FOX411: Your parents buried four out of their five children. It's so awful.
Saget: I lost my mother last month. She didn't want us to be sad. She said, “There's nothing to be sad about.” She got to live a full life. She also told us that not a day went by where she didn't think about any of my siblings.

FOX411: Clearly your sense of humor is a response to all of these losses?
Saget: Yeah, I really do. I had enough therapy to know when I broke it down, it became clearer to me: Yes, comedy was kind of a cleansing thing for me to do.

FOX411: You got fired as a co-host from the CBS morning show. Did you think your life was over?
Saget: Yes, I always thought my life was over with any job. It didn't matter what it was. I thought, “I'm never going to work again.” I got there one day and my co-host chair was missing. I ended up sitting on the steps off-camera, sometimes they'd let me come on on-camera to introduce a comedian or I'd be sitting on the steps saying, “It's 15 minutes after the hour.” I'd basically turned into what Siri could do for you and then it was only a couple of weeks of that obviously because I was manic depressed in front of an audience and you can't have a 27-year-old guy wishing his life was over on TV.

FOX411: You have to laugh in the face of awful things happening, otherwise you break down.
Saget: I find that humor admirable or maybe it's not. Maybe it's my coward's way of dealing with it. You are there to either save the person you love or bury the person you love so the humor is going on either way. I don't know if I was in a war in a trench and someone's head got blown off if I'd be making jokes at that moment...I probably would. There's something wrong with me in that regard.

FOX411: So being on “Full House” must have seemed like God's cosmic joke to you, a filthy comedian getting cast on a show like that.
Saget: It was effortless. It was just another gear.

FOX411: Ever get tired of Danny Tanner?
Saget: No, I love him. If he's out there and existing he's the safest, most innocuous person that could possibly exist. He wouldn't hurt anybody. You could have your kids over at his house. You're not going to have to read about him, there's nothing sketchy about him at all.

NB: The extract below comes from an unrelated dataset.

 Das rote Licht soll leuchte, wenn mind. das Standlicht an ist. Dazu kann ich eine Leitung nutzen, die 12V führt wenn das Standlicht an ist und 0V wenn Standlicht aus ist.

The reason I wanted to play him in the first place was I had no job and the other reason is because he's a good man and I was drawn towards that.

FOX411: You are very protective of all the kids especially the Olsen twins.
Saget: It really bothered me when they got bashed on the roasts. They were 9 months old when they started. No one at 9 months old goes, “I want to be a child actor,” and maybe if they'd started their careers at 4 or 9 they might have said, “No, we don't want to do this.” It was very unusual and will probably never happen again, when someone starts acting when they're born basically.

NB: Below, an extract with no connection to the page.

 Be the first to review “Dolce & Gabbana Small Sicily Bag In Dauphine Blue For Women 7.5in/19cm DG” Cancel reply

I am protective of them. They have a really good family. Their family loves them a lot. When you see a lot of other circumstances of kid performers and how it turns south, it really is from lack of love or misunderstanding and thinking that the whole circus is more important than their lives.

FOX411: You got divorced at 42, started going to bars and [drinking and] driving.
Saget: It was an incredibly stupid thing to do. It was pathetic. It happened not a lot of times but one time is enough to hurt someone. My fear of writing it is knowing I would one day have this conversation with [the media] because it was a dumbass thing to do. There was one time I blacked out. Lucky no one was on the road. Lucky I didn't kill my friend who was asleep in the car with me, and lucky I didn't kill myself.

Now I've literally become neighborhood watch. I call 911 on people. I'm the old man driving 25-miles-per-hour down Sunset. I'm a converted person as far as [driving] under the influence. On my birthday last year my friends took me, and I said I can't drive home. The valet drove me home then he robbed me and tried to sleep with me. He's here now, we've been living together.